_What to work on_:
What you return should be the entries, unchanged, without their pictures.

_Data shown_:
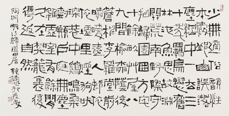 鐘鏑的鏑字有兩種解釋:一是指箭頭,也指箭;二是一種金屬元素,用于原子能工業(yè)和激光材料等;總的講是一種硬性物質(zhì),鏑前加一鐘,都與金石有關(guān),這對(duì)于篆刻家的鐘鏑來(lái)說(shuō),名字確實(shí)起得跟他的俊美一樣,不好挑剔。我第一次接觸鐘鏑,是在太白書院的一次書畫展上,有一個(gè)八條屏很是搶眼地占了半扇墻,那字橫七豎八,亂石鋪街,完全是目空一切的張揚(yáng)放大,用另類兩字結(jié)論頗為精準(zhǔn)。我問(wèn)鐘鏑是誰(shuí),朋友一指,但見一個(gè)小帥哥鶴立雞群地戳在一伙丑男之間,一派新潮感,我當(dāng)時(shí)最突出的感覺(jué)是距離二字。后來(lái)接觸多了,外表的強(qiáng)烈印象漸漸褪去,留下的是一個(gè)骨架硬朗,為人周正,心地良善,面冷心熱的硬派小生形象,我們的交道才多了起來(lái)。
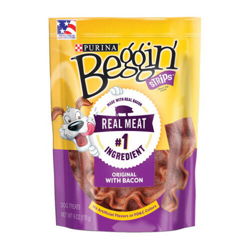 It's the strip that started it all. Meat-crazed canines won't believe their noses when they get a whiff of these bacony, mouthwatering dog treats made with real meat as the first ingredient. Each meaty bite smells like sizzlin' bacon, taste like savory bacon, heck it's even made with real bacon. And best of all, every Beggin' strip is proudly produced right here in USA facilities.
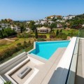 - Horizon Residence is een opmerkelijke architectonische creatie die verfijnd hedendaags design combineert met praktische luxe. Gelegen in de prestigieuze golfzone van Oost-Estepona, is deze villa met vier verdiepingen ontworpen door de gerenommeerde architect Francisco Martínez Galván en biedt een levensstijl die wordt gekenmerkt door licht, ruimte en verfijning. De woning beslaat een totale bebouwde oppervlakte van 674 m², inclusief 503 m² woonruimte binnen en 171 m² terrassen, zorgvuldig verdeeld om natuurlijk licht en buitenleven te maximaliseren. Elk aspect van het ontwerp is zorgvuldig ontworpen om een naadloze verbinding te creëren tussen elegante interieurs en het omringende landschap. Architectonische elegantie De aankomstervaring is onvergetelijk. Een eigen oprit leidt direct naar het dakterras, waar een panoramisch uitzicht zich uitstrekt over de weelderige fairways en de sprankelende Middellandse Zee. Dit uitzonderlijke uitkijkpunt beschikt over een jacuzzi en een ingebouwde barbecue, ideaal voor entertainment of rustige momenten bij zonsondergang. Afdalend naar de hoofdwoonverdieping, komt u in een open plattegrond die schoonheid en functionaliteit perfect in balans brengt. De woon- en eetruimtes zijn gecentreerd rond een op maat gemaakt kookeiland van natuursteen, aangevuld met een bijkeuken met een strakke en minimalistische uitstraling. Grote ramen van vloer tot plafond overspoelen het interieur met zonlicht en geven toegang tot het infinity zoutwaterzwembad, omgeven door volgroeide tropische beplanting - een oase van rust voor ontspanning en vrije tijd. Een gastenslaapkamer met en-suite badkamer completeert de begane grond en biedt comfort en toegankelijkheid voor bezoekers. Geïntegreerde plafondgeluidssystemen en vooraf geïnstalleerde smart home-technologie verhogen het gemak en de voorbereiding op modern wonen. Privé bovenverdieping De bovenverdieping is gewijd aan twee luxe slaapkamersuites. De mastersuite herdefinieert elegantie met een inloopkast, een badkamer met marmeren afwerking en een privéterras met ononderbroken uitzicht op zee. Een tweede slaapkamer met en-suite badkamer kijkt uit op de tuinen en creëert een rustige en uitnodigende sfeer. Veelzijdige benedenverdieping De kelderverdieping biedt flexibiliteit voor personalisatie. Toekomstige eigenaren kunnen extra slaapkamers, een eigen fitnessruimte, een spa of een thuisbioscoop creëren, allemaal met directe toegang tot de weelderige tuin. Deze ruimte biedt eindeloze mogelijkheden om de woning aan te passen aan uw individuele levensstijl. Ontwerp & Locatie Horizon Residence bevindt zich in een veilige, serene woonwijk, gekenmerkt door moderne architectuur en een natuurlijke omgeving. De wijk staat bekend om zijn luxe villa's en uitzicht op de golfbaan, wat een exclusieve maar gastvrije sfeer creëert die zowel lokale als internationale kopers aanspreekt. Bewoners genieten van gemakkelijke toegang tot gerenommeerde golfbanen, internationale scholen en stranden binnen enkele minuten. De omgeving biedt ook boetiekrestaurants, padelclubs en winkelmogelijkheden in de buurt. Met Marbella en Puerto Banús op korte rijafstand en de luchthaven van Málaga op slechts 45 minuten van de deur, garandeert deze locatie moeiteloze connectiviteit en gemak. Horizon Residence is meer dan een villa - het is een lifestyle-statement. Perfect voor gezinnen en veeleisende kopers die op zoek zijn naar een eigentijdse kustwoning. Het combineert architectonische precisie, ruimte en elegantie in een van de meest gewilde omgevingen van Estepona.
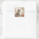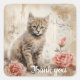 A fluffy tabby kitten with striking blue eyes is sitting next to two pink roses against a backdrop featuring vintage script and ink blotches. The sepia tones give a warm antique feel to the composition, which combines florals and a cute animal subject.
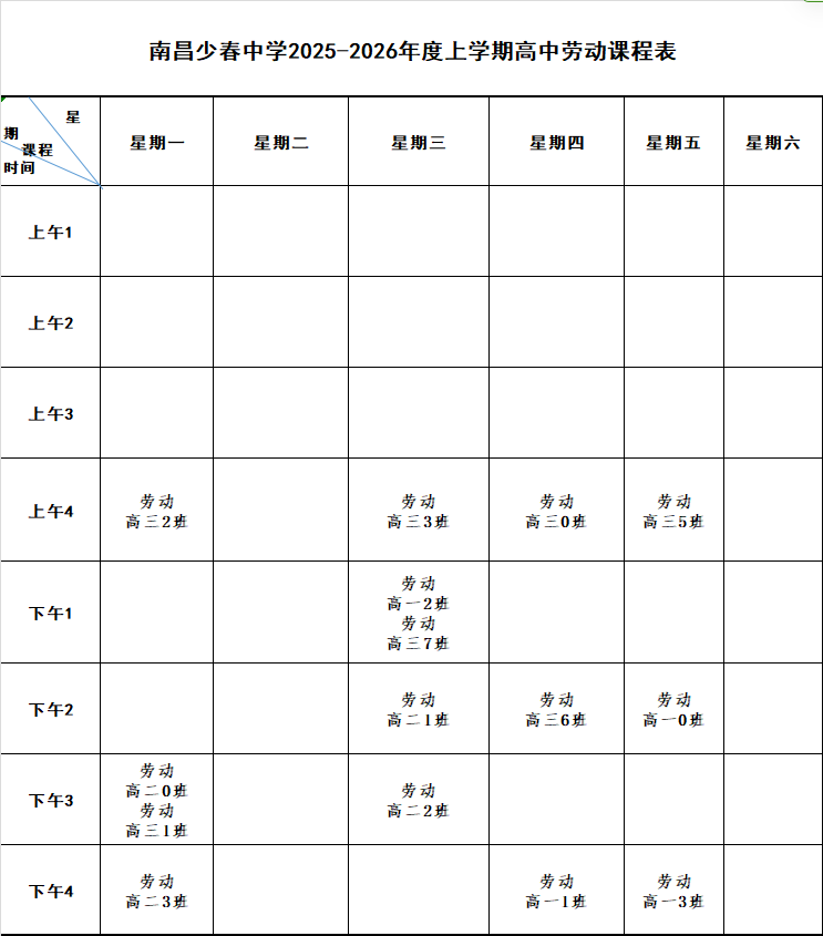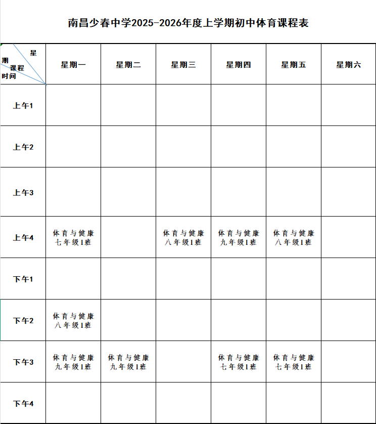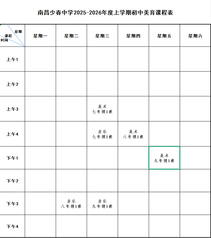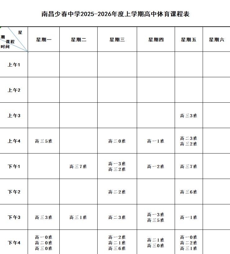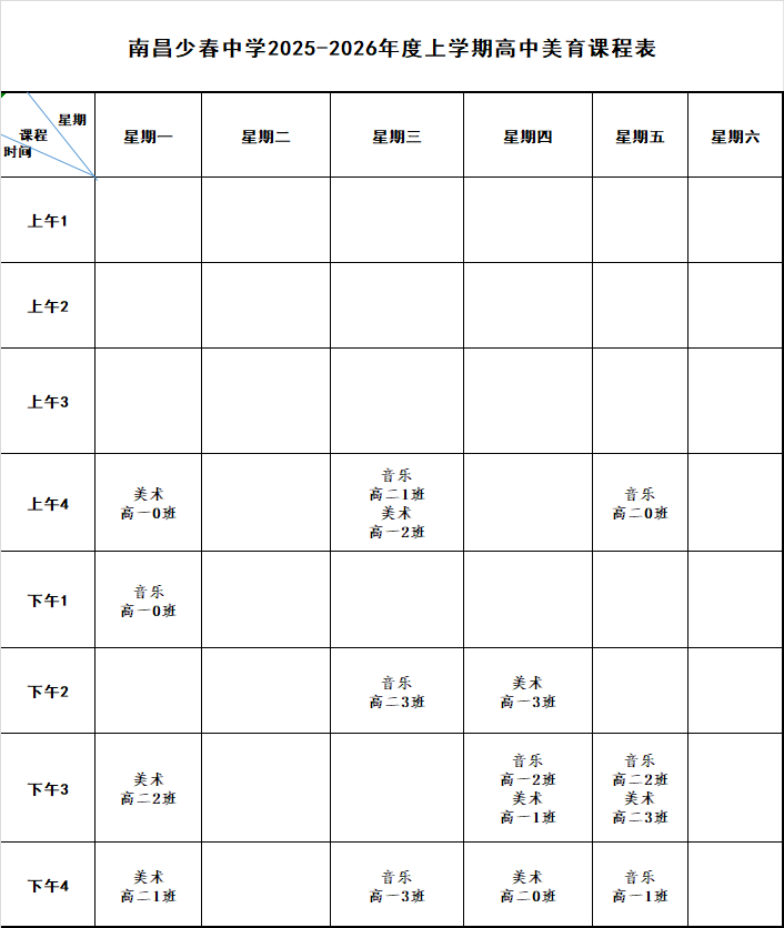 南昌少春中学2025-2026年度第一学期晒课表公示
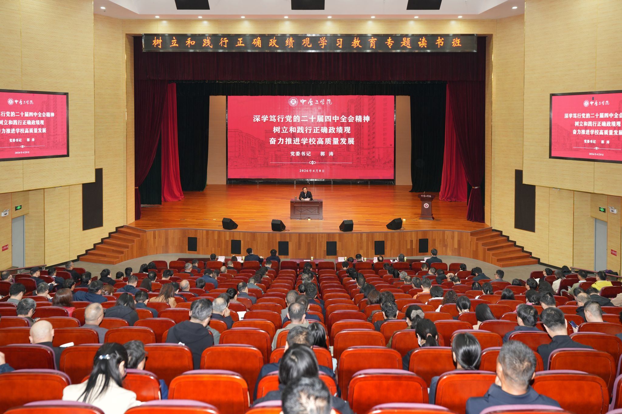 开班式上,党委书记郭涛以《深学笃行党的二十届四中全会精神 树立和践行正确政绩观 奋力推进学校高质量发展》为题,结合学校改革发展实际,从“深刻领会全会精神的核心要义,筑牢思想根基”“精准把握全会精神与学校发展的契合点,明晰发展路径”“以正确政绩观为指引推动重点工作落地见效,凝聚奋进力量”“学习贯彻习近平总书记关于树立和践行正确政绩观的重要论述,再谱发展新篇”四个方面,为全体学员作了一场深入浅出、内涵丰富、针对性强的专题辅导报告。他要求全校党员领导干部要深刻把握树立和践行正确政绩观的核心要义,强化政治担当、提升政治能力;要带头深入一线调研,科学谋划发展思路,主动认领最难任务、攻克最硬堡垒;要带头践行以师生为中心的发展思想,主动倾听师生呼声、解决师生在教学科研、工作生活中的急难愁盼问题;要带头弘扬务实作风,力戒形式主义、官僚主义,确保各项工作落到实处;要带头团结协作,形成“上下一盘棋、全员一条心”的工作格局,用实际行动诠释责任与担当。
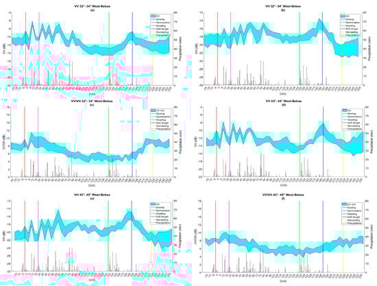 The temporal profiles of VV, VH, and VV/VH (dB) at the two incidence angles (32–34° and 43–45°) are shown in Figure 4.
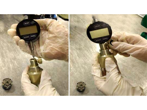 (1) Carefully place the oil control valve into the corresponding position of the travel measuring tool and ensure that the travel measuring tool is tightened to ensure measurement accuracy.
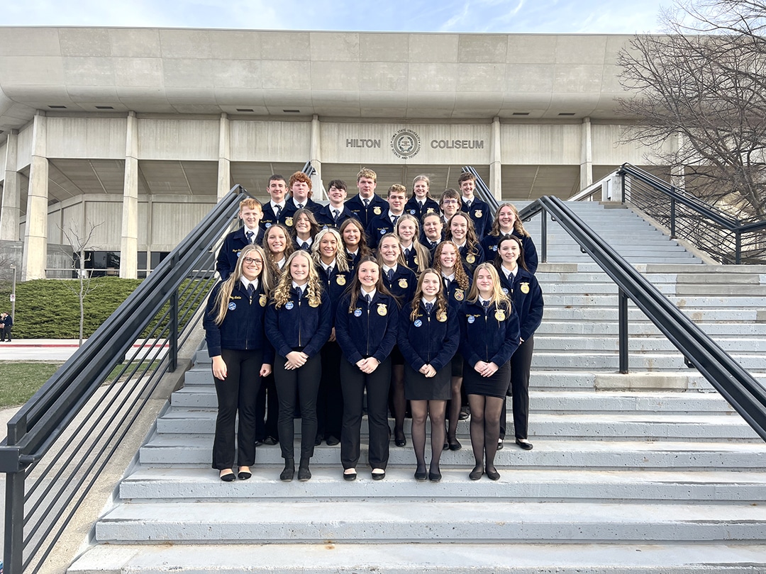 While members were competing in contests, the chapter also saw 14 members receive awards for their efforts and on behalf of the chapter over the weekend. Brexton Schneider was recognized for his state runner up Beef Production Placement proficiency application. Lilah Heinz was the SW District Rising Star finalist. Belle Fagan accepted the bronze rating for the National Chapter Award, and Camdyn Richter received the ambassador award on behalf of the chapter. Bryce Betts, Emmarae Ellis, Gracie Hodges, William Kading, Lucy Knutter, Chase Slaybaugh, Blaise Tallman, Tyler Thomas, Irelyn Wirt and Casey Young received their Iowa FFA Degrees.

_Response below_:
 鐘鏑的鏑字有兩種解釋:一是指箭頭,也指箭;二是一種金屬元素,用于原子能工業(yè)和激光材料等;總的講是一種硬性物質(zhì),鏑前加一鐘,都與金石有關(guān),這對(duì)于篆刻家的鐘鏑來(lái)說(shuō),名字確實(shí)起得跟他的俊美一樣,不好挑剔。我第一次接觸鐘鏑,是在太白書院的一次書畫展上,有一個(gè)八條屏很是搶眼地占了半扇墻,那字橫七豎八,亂石鋪街,完全是目空一切的張揚(yáng)放大,用另類兩字結(jié)論頗為精準(zhǔn)。我問(wèn)鐘鏑是誰(shuí),朋友一指,但見一個(gè)小帥哥鶴立雞群地戳在一伙丑男之間,一派新潮感,我當(dāng)時(shí)最突出的感覺(jué)是距離二字。后來(lái)接觸多了,外表的強(qiáng)烈印象漸漸褪去,留下的是一個(gè)骨架硬朗,為人周正,心地良善,面冷心熱的硬派小生形象,我們的交道才多了起來(lái)。
 It's the strip that started it all. Meat-crazed canines won't believe their noses when they get a whiff of these bacony, mouthwatering dog treats made with real meat as the first ingredient. Each meaty bite smells like sizzlin' bacon, taste like savory bacon, heck it's even made with real bacon. And best of all, every Beggin' strip is proudly produced right here in USA facilities.
 - Horizon Residence is een opmerkelijke architectonische creatie die verfijnd hedendaags design combineert met praktische luxe. Gelegen in de prestigieuze golfzone van Oost-Estepona, is deze villa met vier verdiepingen ontworpen door de gerenommeerde architect Francisco Martínez Galván en biedt een levensstijl die wordt gekenmerkt door licht, ruimte en verfijning. De woning beslaat een totale bebouwde oppervlakte van 674 m², inclusief 503 m² woonruimte binnen en 171 m² terrassen, zorgvuldig verdeeld om natuurlijk licht en buitenleven te maximaliseren. Elk aspect van het ontwerp is zorgvuldig ontworpen om een naadloze verbinding te creëren tussen elegante interieurs en het omringende landschap. Architectonische elegantie De aankomstervaring is onvergetelijk. Een eigen oprit leidt direct naar het dakterras, waar een panoramisch uitzicht zich uitstrekt over de weelderige fairways en de sprankelende Middellandse Zee. Dit uitzonderlijke uitkijkpunt beschikt over een jacuzzi en een ingebouwde barbecue, ideaal voor entertainment of rustige momenten bij zonsondergang. Afdalend naar de hoofdwoonverdieping, komt u in een open plattegrond die schoonheid en functionaliteit perfect in balans brengt. De woon- en eetruimtes zijn gecentreerd rond een op maat gemaakt kookeiland van natuursteen, aangevuld met een bijkeuken met een strakke en minimalistische uitstraling. Grote ramen van vloer tot plafond overspoelen het interieur met zonlicht en geven toegang tot het infinity zoutwaterzwembad, omgeven door volgroeide tropische beplanting - een oase van rust voor ontspanning en vrije tijd. Een gastenslaapkamer met en-suite badkamer completeert de begane grond en biedt comfort en toegankelijkheid voor bezoekers. Geïntegreerde plafondgeluidssystemen en vooraf geïnstalleerde smart home-technologie verhogen het gemak en de voorbereiding op modern wonen. Privé bovenverdieping De bovenverdieping is gewijd aan twee luxe slaapkamersuites. De mastersuite herdefinieert elegantie met een inloopkast, een badkamer met marmeren afwerking en een privéterras met ononderbroken uitzicht op zee. Een tweede slaapkamer met en-suite badkamer kijkt uit op de tuinen en creëert een rustige en uitnodigende sfeer. Veelzijdige benedenverdieping De kelderverdieping biedt flexibiliteit voor personalisatie. Toekomstige eigenaren kunnen extra slaapkamers, een eigen fitnessruimte, een spa of een thuisbioscoop creëren, allemaal met directe toegang tot de weelderige tuin. Deze ruimte biedt eindeloze mogelijkheden om de woning aan te passen aan uw individuele levensstijl. Ontwerp & Locatie Horizon Residence bevindt zich in een veilige, serene woonwijk, gekenmerkt door moderne architectuur en een natuurlijke omgeving. De wijk staat bekend om zijn luxe villa's en uitzicht op de golfbaan, wat een exclusieve maar gastvrije sfeer creëert die zowel lokale als internationale kopers aanspreekt. Bewoners genieten van gemakkelijke toegang tot gerenommeerde golfbanen, internationale scholen en stranden binnen enkele minuten. De omgeving biedt ook boetiekrestaurants, padelclubs en winkelmogelijkheden in de buurt. Met Marbella en Puerto Banús op korte rijafstand en de luchthaven van Málaga op slechts 45 minuten van de deur, garandeert deze locatie moeiteloze connectiviteit en gemak. Horizon Residence is meer dan een villa - het is een lifestyle-statement. Perfect voor gezinnen en veeleisende kopers die op zoek zijn naar een eigentijdse kustwoning. Het combineert architectonische precisie, ruimte en elegantie in een van de meest gewilde omgevingen van Estepona.
 A fluffy tabby kitten with striking blue eyes is sitting next to two pink roses against a backdrop featuring vintage script and ink blotches. The sepia tones give a warm antique feel to the composition, which combines florals and a cute animal subject.
 南昌少春中学2025-2026年度第一学期晒课表公示
 开班式上,党委书记郭涛以《深学笃行党的二十届四中全会精神 树立和践行正确政绩观 奋力推进学校高质量发展》为题,结合学校改革发展实际,从“深刻领会全会精神的核心要义,筑牢思想根基”“精准把握全会精神与学校发展的契合点,明晰发展路径”“以正确政绩观为指引推动重点工作落地见效,凝聚奋进力量”“学习贯彻习近平总书记关于树立和践行正确政绩观的重要论述,再谱发展新篇”四个方面,为全体学员作了一场深入浅出、内涵丰富、针对性强的专题辅导报告。他要求全校党员领导干部要深刻把握树立和践行正确政绩观的核心要义,强化政治担当、提升政治能力;要带头深入一线调研,科学谋划发展思路,主动认领最难任务、攻克最硬堡垒;要带头践行以师生为中心的发展思想,主动倾听师生呼声、解决师生在教学科研、工作生活中的急难愁盼问题;要带头弘扬务实作风,力戒形式主义、官僚主义,确保各项工作落到实处;要带头团结协作,形成“上下一盘棋、全员一条心”的工作格局,用实际行动诠释责任与担当。
 The temporal profiles of VV, VH, and VV/VH (dB) at the two incidence angles (32–34° and 43–45°) are shown in Figure 4.
 (1) Carefully place the oil control valve into the corresponding position of the travel measuring tool and ensure that the travel measuring tool is tightened to ensure measurement accuracy.
 While members were competing in contests, the chapter also saw 14 members receive awards for their efforts and on behalf of the chapter over the weekend. Brexton Schneider was recognized for his state runner up Beef Production Placement proficiency application. Lilah Heinz was the SW District Rising Star finalist. Belle Fagan accepted the bronze rating for the National Chapter Award, and Camdyn Richter received the ambassador award on behalf of the chapter. Bryce Betts, Emmarae Ellis, Gracie Hodges, William Kading, Lucy Knutter, Chase Slaybaugh, Blaise Tallman, Tyler Thomas, Irelyn Wirt and Casey Young received their Iowa FFA Degrees.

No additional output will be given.